Christopher Hanks, Ph.D.
"My job is to convince you not to become teachers." I often begin introductory courses in the social foundations of education with this statement. It's not entirely true, of course. I do hope that many of my students become teachers, and good ones at that. But I also want them to think hard about why they are entering the field of education, and who they will be as a professional educator. These are some of the questions that social foundations help students explore.
Emerging Social Issues
There are a lot of things we know about the schools of the future. We know that demographic changes in American society will present enormous challenges in terms of cultural and linguistic diversity, social class divisions, and a widening gap between aging taxpayers and the children whose education they support. We also know that technology will play an increasingly prominent role in schools and classrooms, in the form of expanded curriculum, communication tools, modes of instruction, and cognitive augmentations (in the form of medications and assistive devices, for instance).

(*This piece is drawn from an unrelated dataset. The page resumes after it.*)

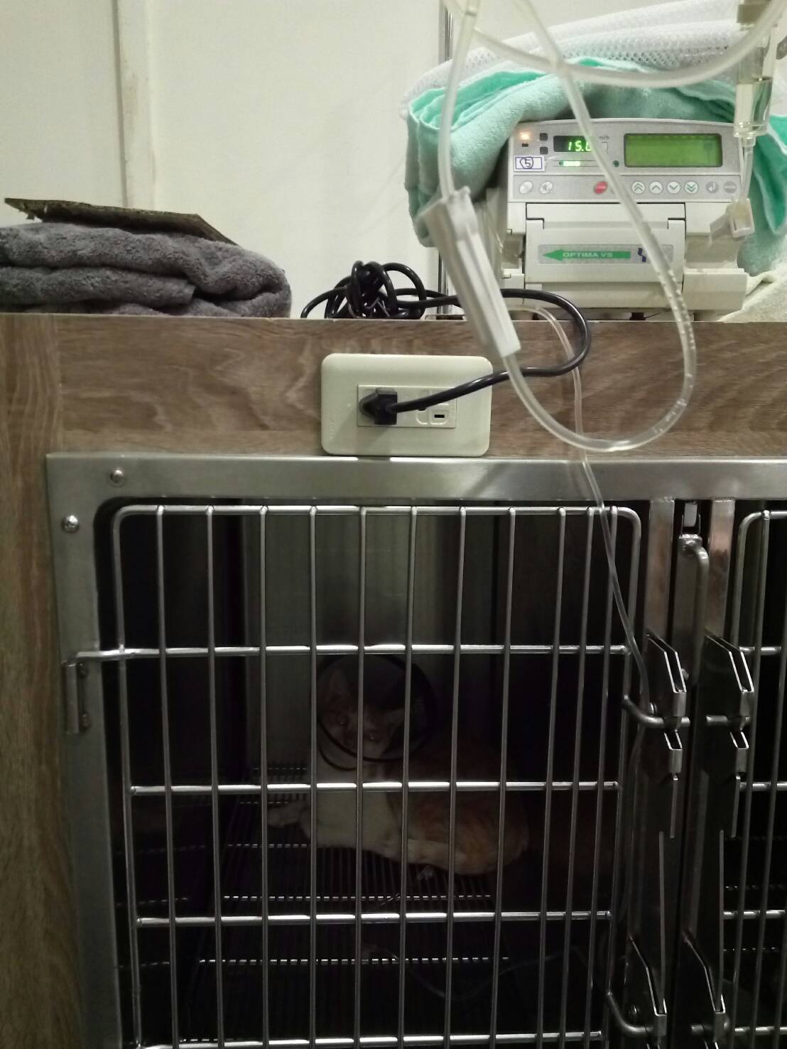 住院期間,小橘因為身體虛弱的關係,一直沒有食慾無法自行進食,於是一直在醫院補充點滴輸液,直到11/22才出院。動物近況說明: 小橘目前回到喵喵茶休養,因為身體虛弱的他已經不適合野放,秀雲姐雖然貓口眾多己經無力負擔,但還是決定讓小橘留在喵喵茶!!

In just these two respects, culture and technology, the list of things we don't know about the schools of the future dwarfs what we do know. How these challenges will (or won't) be met, the scope and direction of efforts to reform the structure of schools, standards and accountability, and teacher preparation, and the range of work skills and civic duties required of our future students are all areas of uncertainty that are difficult to predict. In the words of educational thinker Ken Robinson, "How do we educate our children to take their place in the economies of the 21st Century, given that we can't anticipate what the economy will look like at the end of next week...?" (2008).
Larger questions loom. Will the shifting contexts of culture and technology alter the social and individual aims of education? Perhaps more importantly, who will be involved in making decisions about those aims? The field of social foundations takes as a premise that teachers themselves should be among the stakeholders who shape the future of education.
Critical Thinking
Thinking critically about these and other questions is essential if teachers are to fulfill this role. We often discuss critical thinking as an aim of education, and I don't know any educators who would argue with the idea. But what critical thinking means, exactly, is often unclear. Forming logical arguments, drawing appropriate conclusions, acting on the basis of reasons-these are all certainly key elements of clear and critical thinking.

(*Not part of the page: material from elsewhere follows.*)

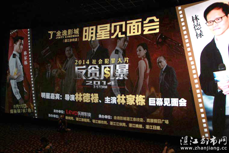 15点38分,在电影《反贪风暴》结束之后,万众期待的导演林德禄以及明星主演林家栋来到了金逸影城4号巨幕厅和现场的观众见面。导演林德禄以及明星主演林家栋在现场回答了观众的提问。有观众对林家栋说,希望尽快看到林家栋的下一部电影。最后导演林德禄以及明星主演林家栋和现场的观众一起合影留念。在观众的热情欢呼声中,林家栋湛江金逸影城影迷见面会圆满结束。

But the field of social foundations encourages us to expand our view, to include reflection on unstated assumptions and underlying interests behind a given policy, and consideration of unintended consequences and differential effects of educational structures and practices. What we need are teachers who possess more than a toolkit of classroom strategies, who can make intelligent, professional judgments about the wisdom of various approaches and aims.
John Dewey recognized this need more than a hundred years ago, arguing that "criticism should be directed toward making the professional student thoughtful about his work in the light of principles, rather than to induce in him a recognition that certain special methods are good, and certain other special methods are bad." (1974) Steven Tozer has repeated the idea in a recent social foundations textbook. "[T]eachers should have the best possible understanding of the relationship between their schools and the larger society in which those schools are embedded. We think teachers need more than training in how to deliver a set curriculum or technique, though such training... is important. Teachers also need to be educated as critical thinkers who have the ability to diagnose unique and complicated situation and create original solutions to these problems... " (2008).
Global Society
So teachers need a perspective that extends beyond the classroom. How far does this horizon extend? Well, that's just the sort of question that might be posed in a social foundations classroom. But I'll conclude with a few speculations that may begin to set the stage for this issue of Colleagues. One observation worth remembering is that American education has always been deeply linked to the project of democracy. After all, a central aim of Thomas Jefferson's original plan for public education (along with the aims of equalizing opportunity and cultivating exceptional talent) was to create the conditions under which ordinary citizens could be active, informed participants in democratic deliberation. Our efforts to live up to this ideal have been a mixed bag, but the challenge is no less important today. And as Dan Butin points out, "the social foundations classroom can promote the basic attributes of liberal democratic societies, most immediately by creating deliberative classrooms that foster students' exploration and creation of linkages and dialogues across academic, institutional, psychological, and emotional borders" (2005).
But we also live in an increasingly interconnected global society, and there are good reasons to think that social foundations of education should include study of complex global issues. Decisions made by global economic and political institutions affect us all, many of the world's most urgent crises-environmental, military, and economic among them-are inherently global in scope, and we might just learn something new about ourselves through encounters with the unfamiliar. Beyond all this, Luise McCarty's feature article makes the case that developing a global perspective is an essential component of what it means to be an educated person. In that sense, social foundations of education provides a critical link between the profession of education and the ideal of a modern university.
References
Butin, D., W., (Ed.). (2005). Teaching social foundations of education: Contexts, theories, and issues. Mahwah, New Jersey: Rutledge.
Dewey, J. (1974). The relation of theory to practice in education. In R. Archanbault (Ed.), John Dewey on education (P. 335). Chicago: University of Chicago Press.
Robinson, K. (2008, June). Changing paradigms. Symposium conducted at the Royal society for the encouragement of arts, manufactures, and commerce, London.
Tozer, S., Senese, G., & Violas, P. (2008). School and society: Historical and contemporary perspectives. New York: McGraw-Hill.